When the maturity of the 5 year treasury bonds expires, the card will be drawn out, and the principal and the principal amount of the card will be reduced to the principal of the customer. The interest of the card and the interest drawn on the superior bank will be reduced with the interest paid by the customer.
There are two kinds of circumstances at this time.
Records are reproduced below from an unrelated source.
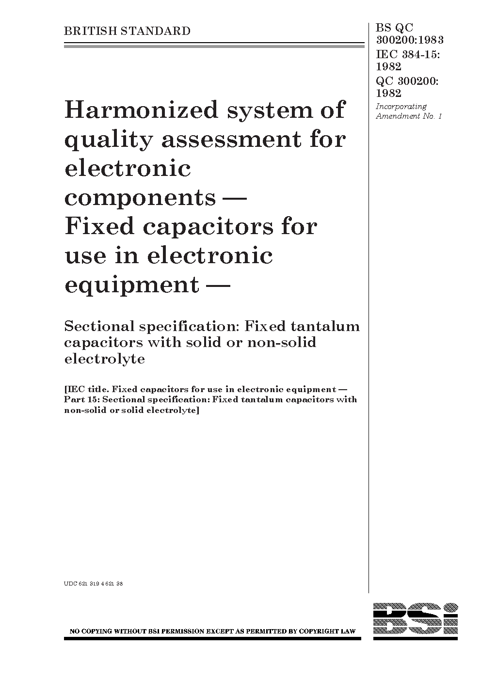 Harmonized system of quality assessment for electronic components. Fixed capacitors for use in electronic equipment. Sectional specification: fixed tantalum capacitors with solid or non-solid electrolyte
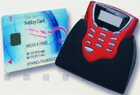 | Рисунок 2. Некоторые устройства считывания карт (в частности, соответствующий экземпляр Kobil, сконструированный для T-Systems) работают без кабельного соединения с персональным компьютером и позволяют применять разные методы аутентификации. |
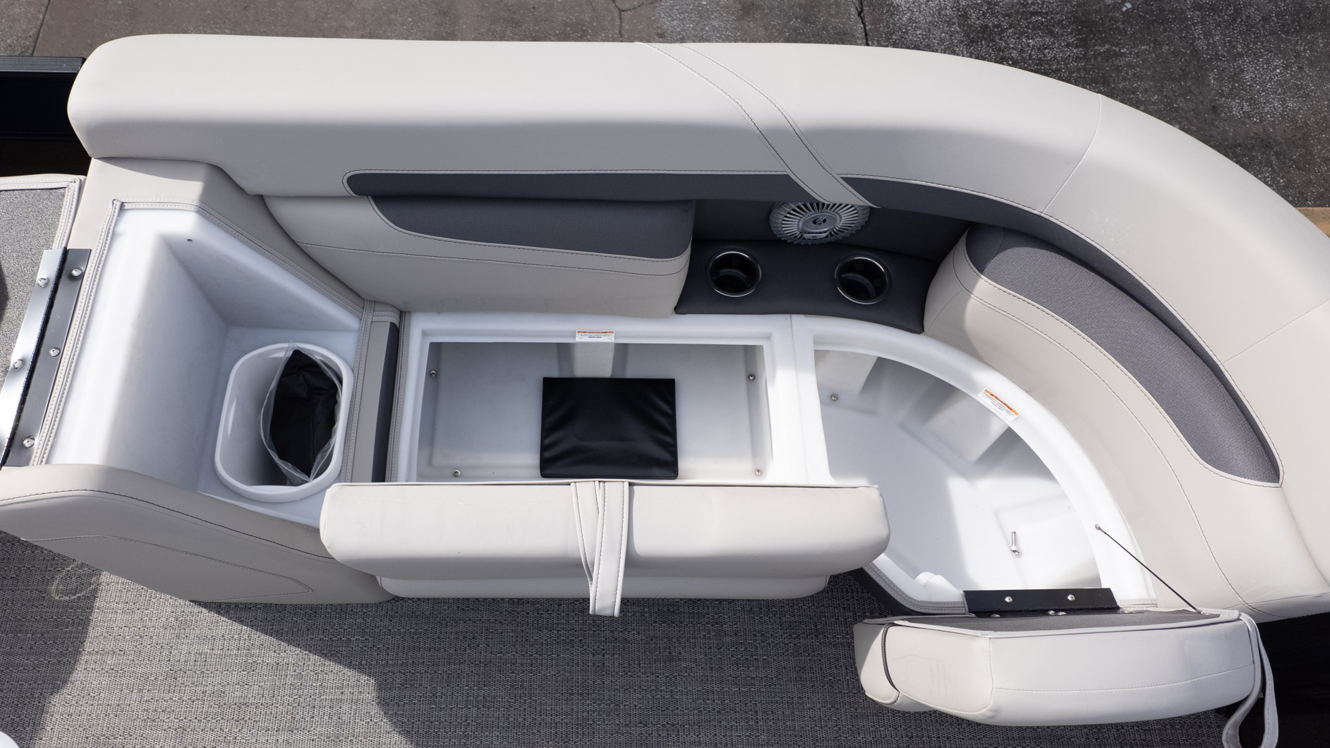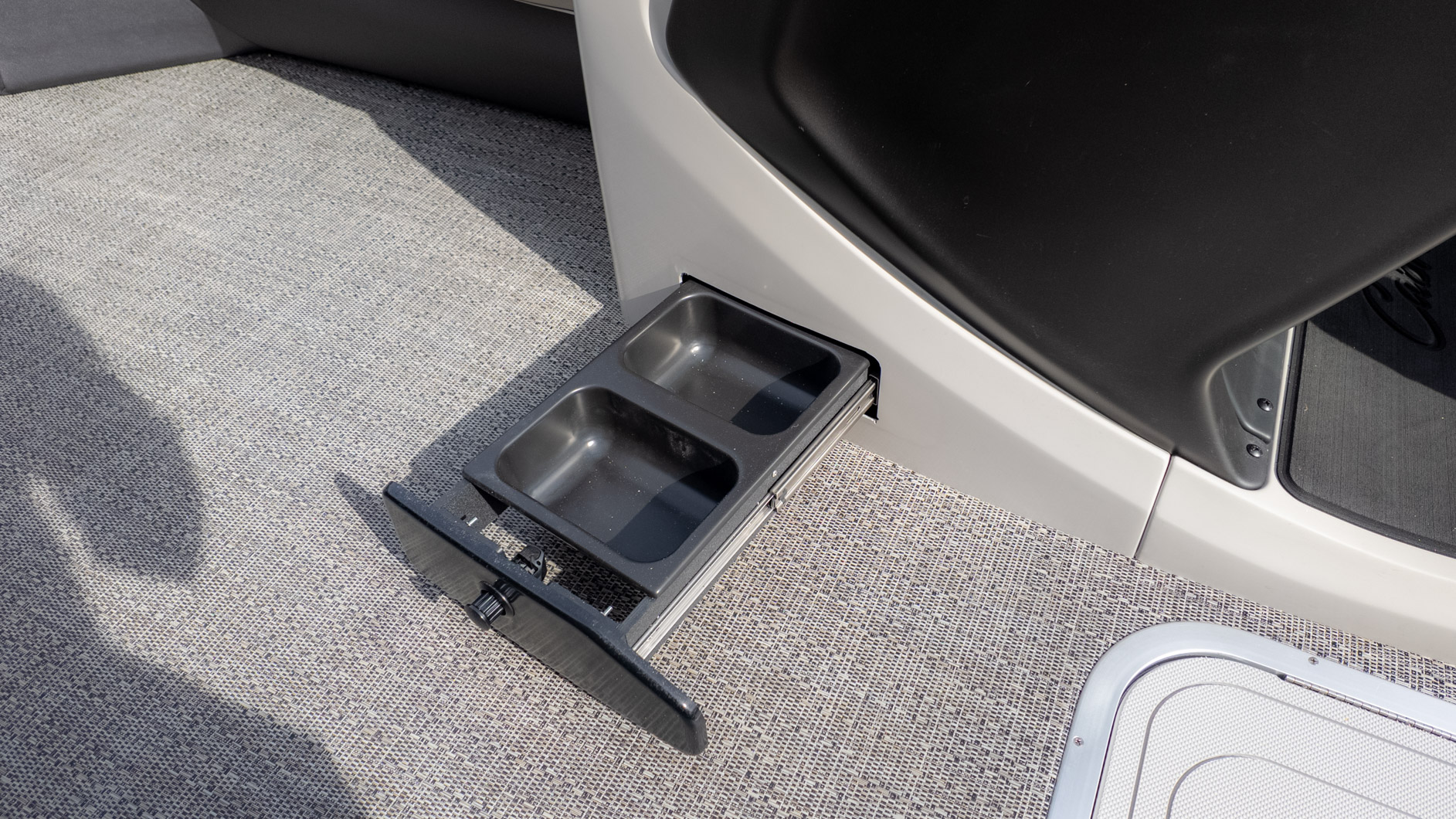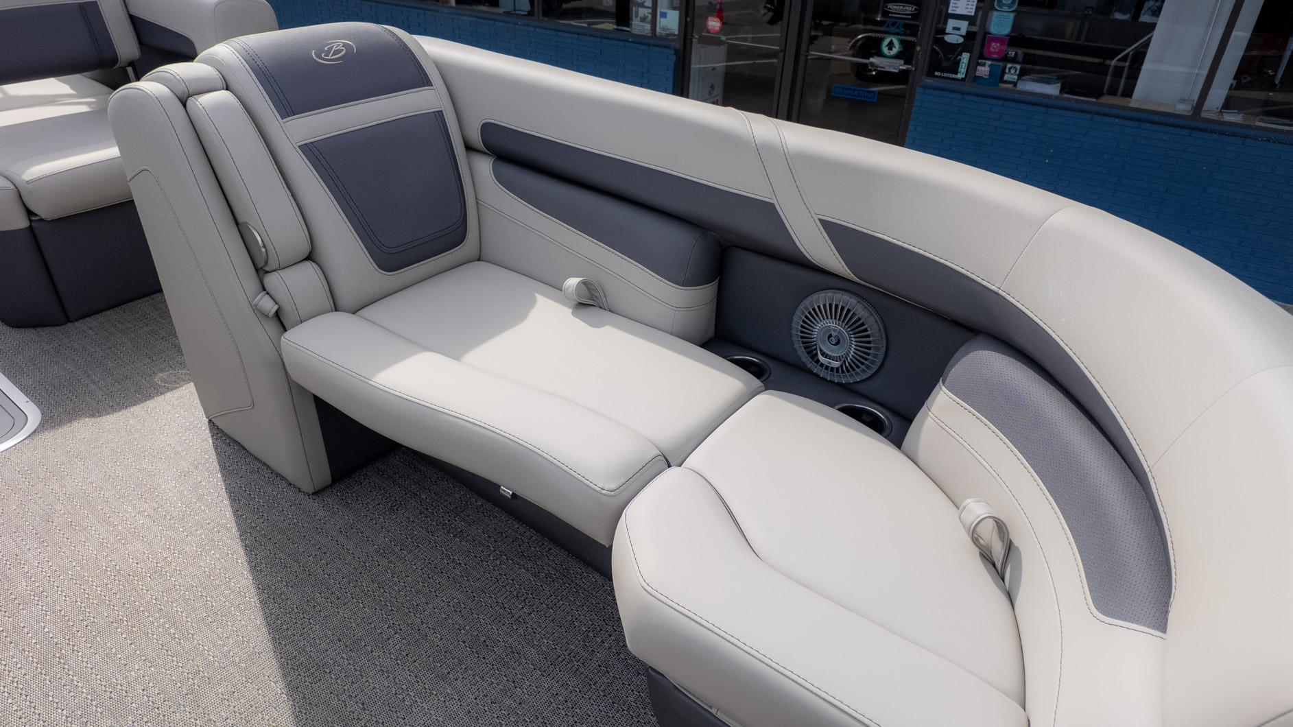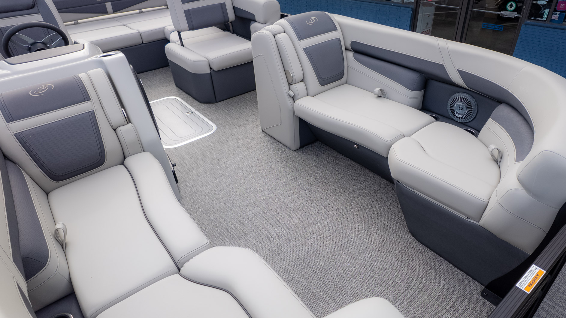 Imagine setting sail with the sun glinting off the Blue Sapphire rails, surrounded by the sleek Blackout Package. The Marquesan Gray furniture with Charcoal accents offers a stylish and comfortable setting for all your adventures, complemented by the Amore Gray flooring underfoot. Whether you're towing water sports enthusiasts with the tube-tow cage or just kicking back with your favorite tunes on the JBL Marine Stereo, this boat promises endless fun. Plus, with integrated pet food/water dishes and a convenient stern boarding ladder, your furry friends are just as welcome on board. The Coastal Edition and Triple Toon Package, complete with midship storage, ensure a smooth and stable ride, making every journey a delight. This boat comes equipped with a Mercury 200L FourStroke engine.
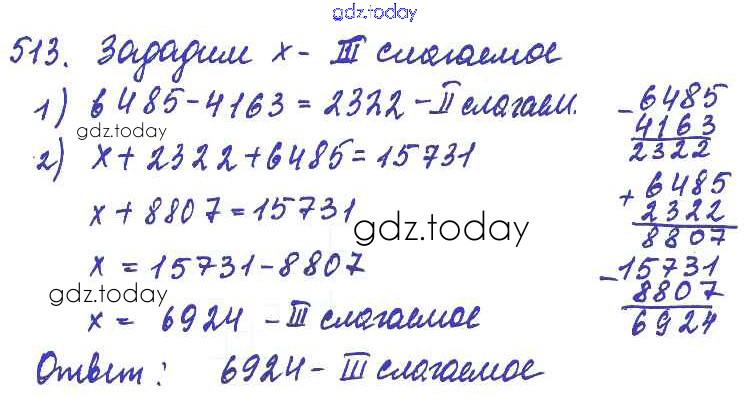 Ответы к Решение к упражнениям 513 Учебнику по Математике для 5 класса Зубарева, Мордкович Мнемозина 2015
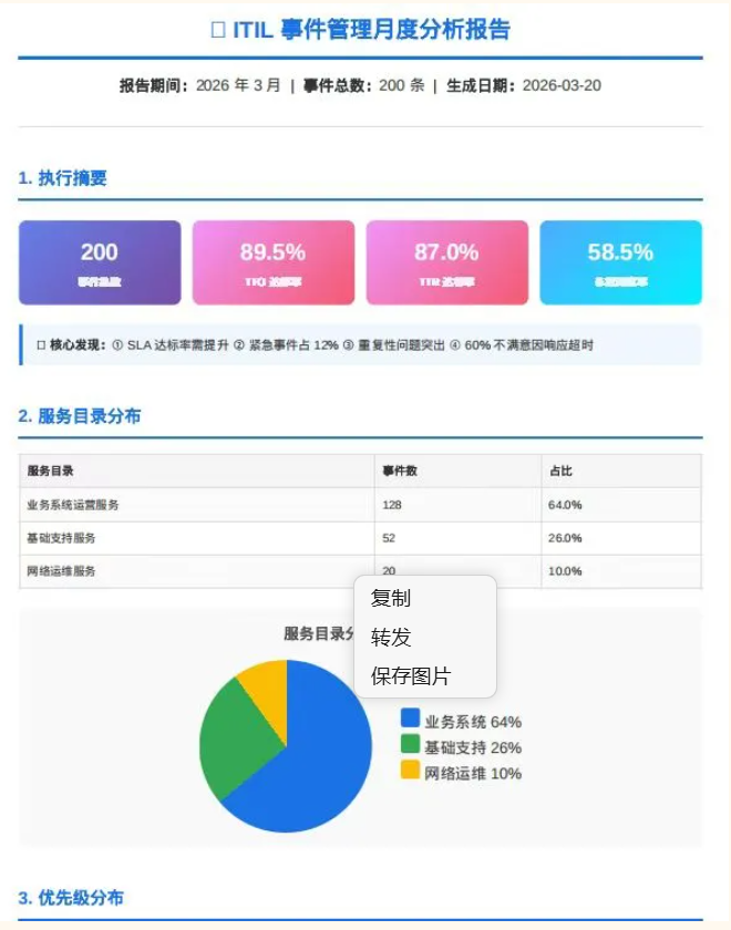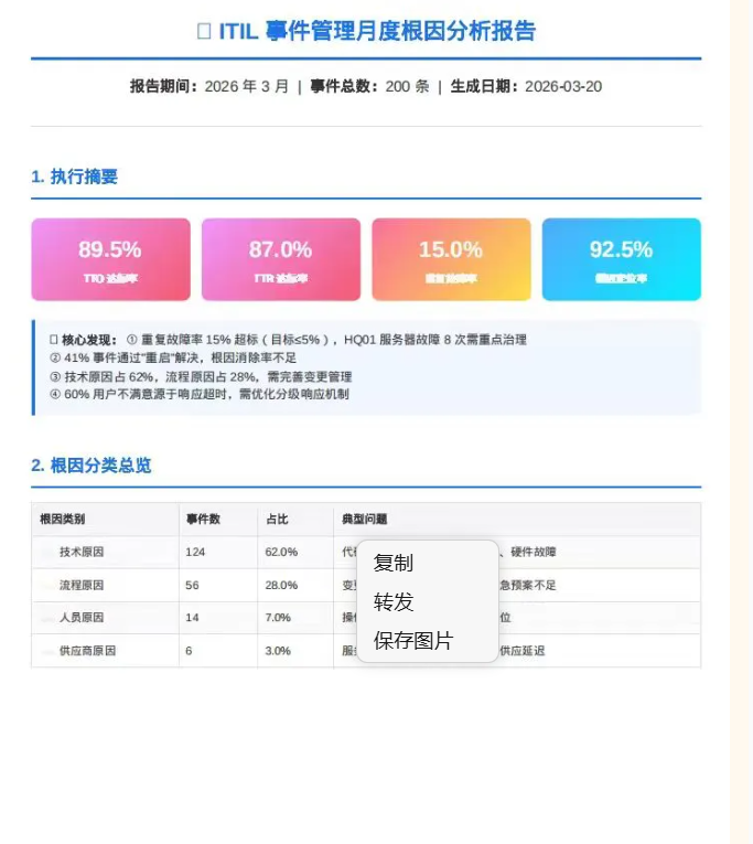 第五天,将某 IT 组织一个月的 200 条事件单交给虾处理后,很快产出了一份 ITIL 事件管理流程月度分析报告;随后根据专家意见,又补充生成了专项根因分析报告。
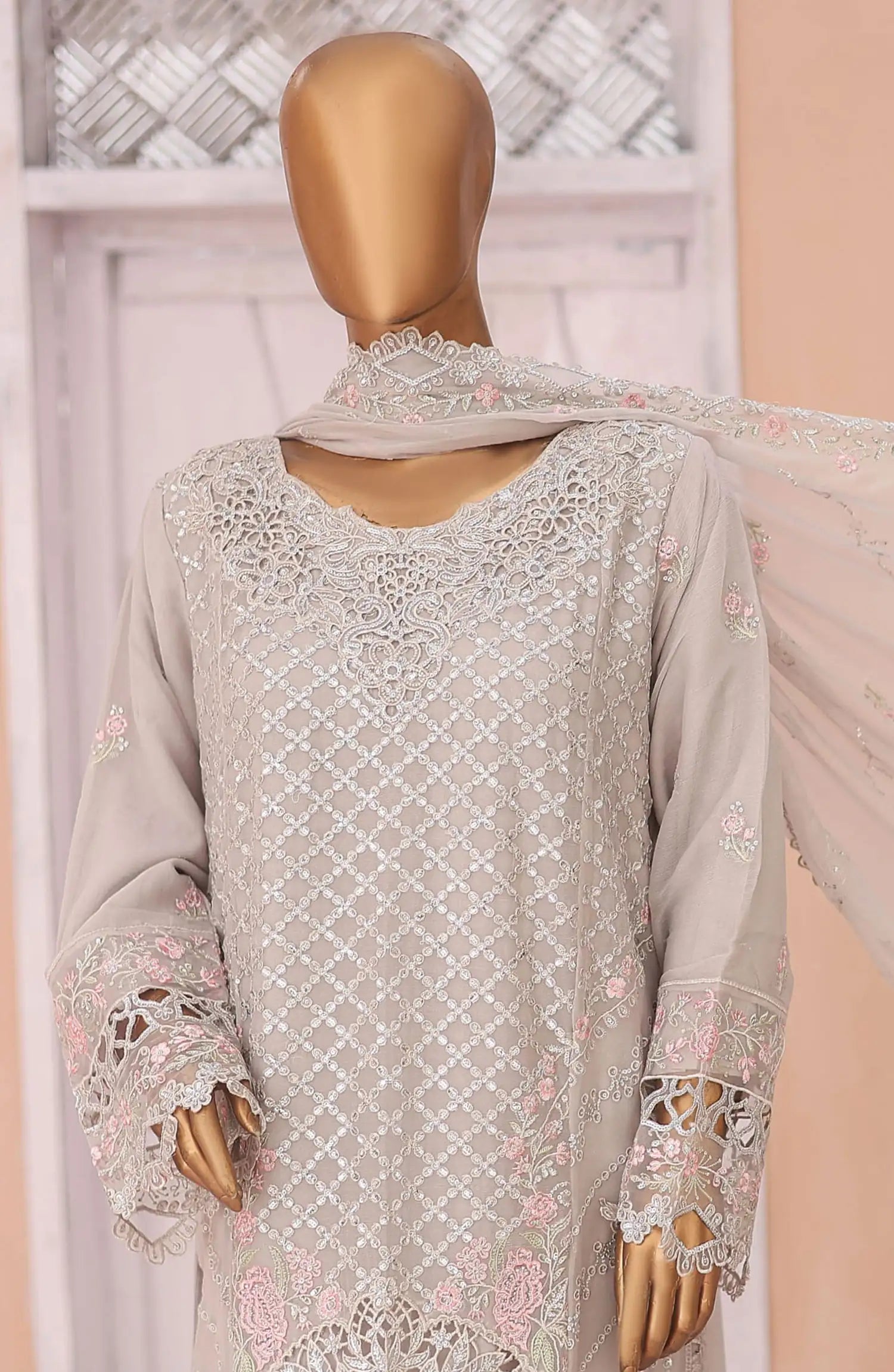 3 Piece Stitched Luxury Embroidered Chiffon Suit .
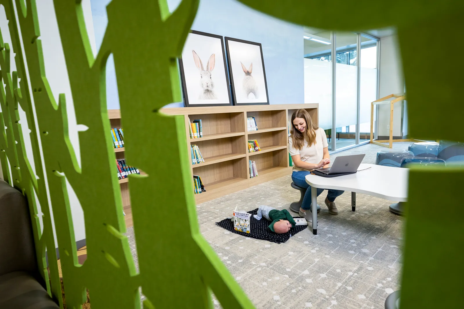 UVU's new family study space in the Fulton Library. Taken as part of the lifestyle shoot for new parent resources.
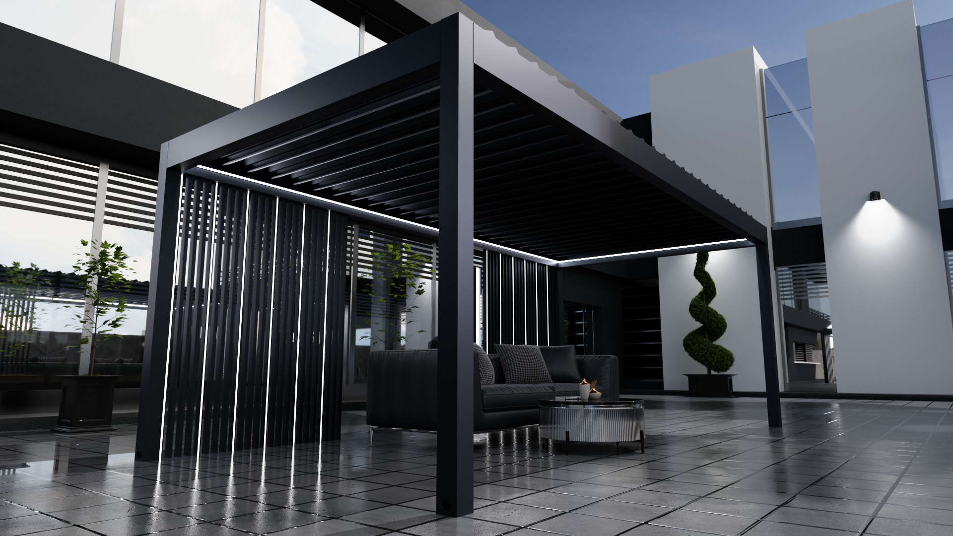 Die Profile können flexibel konfiguriert und in verschiedenen Positionen angeordnet werden, wodurch sich die Lösung an die individuellen Bedürfnisse und den Charakter der Pergola anpassen lässt.

One is: the principal payment of the actual payment is not enough to reduce, and we should actively find out the reasons, prevent the behavior of the Treasury Bond Fund in the previous year; the other is: the actual payment is small, and the balance after deducting the account is reflected in the lender, indicating that the customer will pay in the future, and the balance of his credit should be equal to the "0016 foreign currency certificate".
After the interest is deducted, the interest account is the debit balance, which means that the interest paid by the 5 year treasury bonds purchased by the bank should be paid from the cost and pferred to the "payable interest" at the end of the year.
(three) the unsold treasury bonds of the previous year were subscribed by the bank.
This card can be directly filled out, indicating the date of purchase, maturity and interest rate.
After the certificate expires, the interest is drawn out of the card, and the principal payment is deducted from the principal payment, and the interest is entered into the investment income.
(four) the number of bonds payable at each node is in line with the principal and interest of the Treasury bond drawn by the superior, and the card is not filled.
It shows that the issuance and payment of treasury bonds are correct.
(five) the establishment of the above cards must be based on thoroughly clearing the principal and interest of the Treasury bonds of the previous year.
At the same time, we should pay attention to the following questions: 1. the Treasury bills that customers pay in advance should be pferred from the "0016 outward certificate of Treasury documents" to the "7724 long term national bond investment" account.
2. in the normal payment period, the above cards should be used at the end of the year.
When the payment is normally paid, the payment network will be charged according to the annual, sub principal and interest accounts. After the payment period is over, the accounting authority will be in the "year-end" account.